Verdict ? Le fait d’opter pour l’un ou l’autre de ces modèles n’a aucun impact sur les résultats, en terme de retour à l’emploi ! Mais par contre, sur la participation, si. C’est la formule « libre choix » qui génère la plus forte participation. Et aussi le fait que « l’aide ne soit pas trop étriquée » : le montant du chèque doit être à la hauteur.

Une autre expérimentation est citée par Coralie Perez. Les Lifelong learning accounts (LiLA), testés par la Fondation Ford, d’abord dans le Maine, puis dans trois Etats, entre 2001 et 2007. Un service d’information gratuit, le salarié doit définir son projet avec un conseiller, l’action de formation est cofinancée. Il a d’ailleurs été envisagé de voter un LiLA Act au niveau fédéral pour généraliser ce système, en 2008. Depuis, plus de nouvelles : le projet n’est pas abandonné, mais n’avance plus.
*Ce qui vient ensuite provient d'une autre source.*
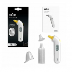 Tento bezkontaktný digitálny ušný teplomer BRAUN ThermoScan 3 IRT3030WE je spoľahlivý a jednoducho použiteľný ušný teplomer, vhodný pre deti aj dospelých. Tento teplomer zmeria teplotu už za 1 sekundu a vďaka infračervenej technológii poskytne presný a okamžite čitateľný výsledok. Teplomer vyhodnocuje teplotu pomocou jasnej zvukovej signalizácie – jeden tón znamená normálnu teplotu, dva zvýšenú a štyri horúčku. Na prehľadnom LCD displeji jednoducho odčítate údaje v stupňoch Celzia (34–42,2 °C) alebo Fahrenheita, a vďaka pamäti posledného merania máte výsledky vždy pod kontrolou. Je bezpečný aj pre novorodencov. Automatické vypnutie po 60 sekundách šetrí batériu a jednorazové kryty (21 ks) zabezpečujú hygienické použitie. Súčasťou balenia je ochranný kryt, batéria CR2032 a návod na obsluhu.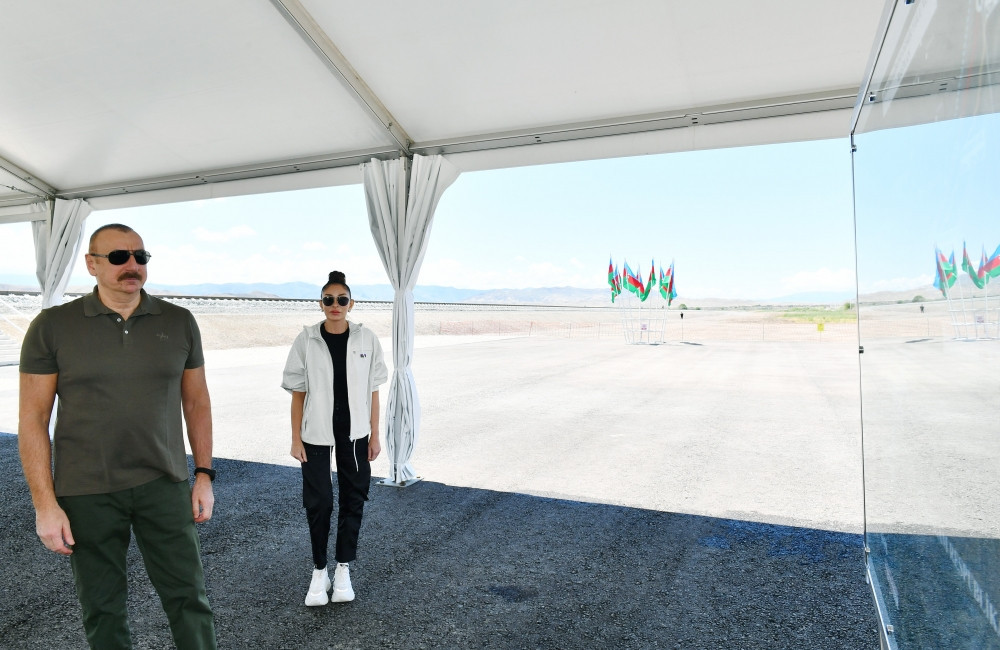 Dövlət başçısı və birinci xanım Horadiz-Ağbənd dəmir yolu xəttinin Cəbrayıl rayonu ərazisində Soltanlı stansiyasının təməlqoyma mərasimində iştirak ediblər.

Le système français est « entre deux »

Donc, des dispositifs assez différents coexistent dans les pays, et, de plus, ils évoluent relativement rapidement dans le temps. En France, rappelle Coralie Perez, « le Dif a été construit – lui aussi au début des années 2000 – avec la volonté de trouver une vraie individualisation, un espace entre le plan et le Cif. L’idée était aussi de détacher le projet de formation de l’emploi exercé. Il a d’ailleurs été envisagé que le Dif ne soit utilisable qu’en dehors du temps de travail, mais les syndicats ont bloqué cette idée. Reste ce Dif, un compte exprimé en heures, et non en euros, avec un employeur financeur, et un faible détachement de l’emploi exercé. » Le système français est « entre deux » : ni capitaux ni capabilité.

Et de poursuivre : « L’Ani du 11 janvier a lancé le projet de CPF, compte personnel de formation, universel quel que soit l’âge et le statut, transférable tout au long de la vie active. Possible réceptacle des droits au Dif et de tout droit versé, par exemple, par la Région. » Mais Coralie Perez insiste : « S’il est libellé en heures et non en euros, ce choix limitera la possibilité de cofinancer soi-même sa formation. La personne restera soumise aux institutions qui l’entourent. » Peu motivant... A suivre, donc.

François Boltz
Article paru dans Le Quotidien de la Formation du 31 mai 2013.

[1Centre d’études européennes - Laboratoire interdisciplinaire d’évaluation des politiques publiques.

[2Centre pour la recherche économique et ses applications, organisme sous la tutelle du ministère de la Recherche.

[3Direction de la recherche, des études, de l’évaluation et des statistiques, ministère des Affaires sociales et de la Santé.